Use this article to learn about the languages currently supported by custom text classification feature.

Multi-lingual option

With custom text classification, you can train a model in one language and use to classify documents in another language. This feature is useful because it helps save time and effort. Instead of building separate projects for every language, you can handle multi-lingual dataset in one project. Your dataset doesn't have to be entirely in the same language but you should enable the multi-lingual option for your project while creating or later in project settings. If you notice your model performing poorly in certain languages during the evaluation process, consider adding more data in these languages to your training set.

You can train your project entirely with English documents, and query it in: French, German, Mandarin, Japanese, Korean, and others. Custom text classification makes it easy for you to scale your projects to multiple languages by using multilingual technology to train your models.

Whenever you identify that a particular language is not performing as well as other languages, you can add more documents for that language in your project. In the data labeling page in Language Studio, you can select the language of the document you're adding. When you introduce more documents for that language to the model, it is introduced to more of the syntax of that language, and learns to predict it better.

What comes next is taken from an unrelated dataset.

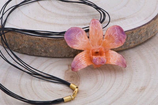 Der Orchideenanhänger wurde in einem besonderen Verfahren bearbeitet und mit transparentem Harz beschichtet, um die natürliche Schönheit und zarte Form der Blüte zu bewahren. Diese einzigartige Kombination aus der Pracht der Natur und handwerklicher Kunst schafft ein Schmuckstück, das sowohl die Sinne betört als auch für seine Trägerin oder den Beschenkten einen besonderen Wert hat.

You aren't expected to add the same number of documents for every language. You should build the majority of your project in one language, and only add a few documents in languages you observe aren't performing well. If you create a project that is primarily in English, and start testing it in French, German, and Spanish, you might observe that German doesn't perform as well as the other two languages. In that case, consider adding 5% of your original English documents in German, train a new model and test in German again. You should see better results for German queries. The more labeled documents you add, the more likely the results are going to get better.

When you add data in another language, you shouldn't expect it to negatively affect other languages.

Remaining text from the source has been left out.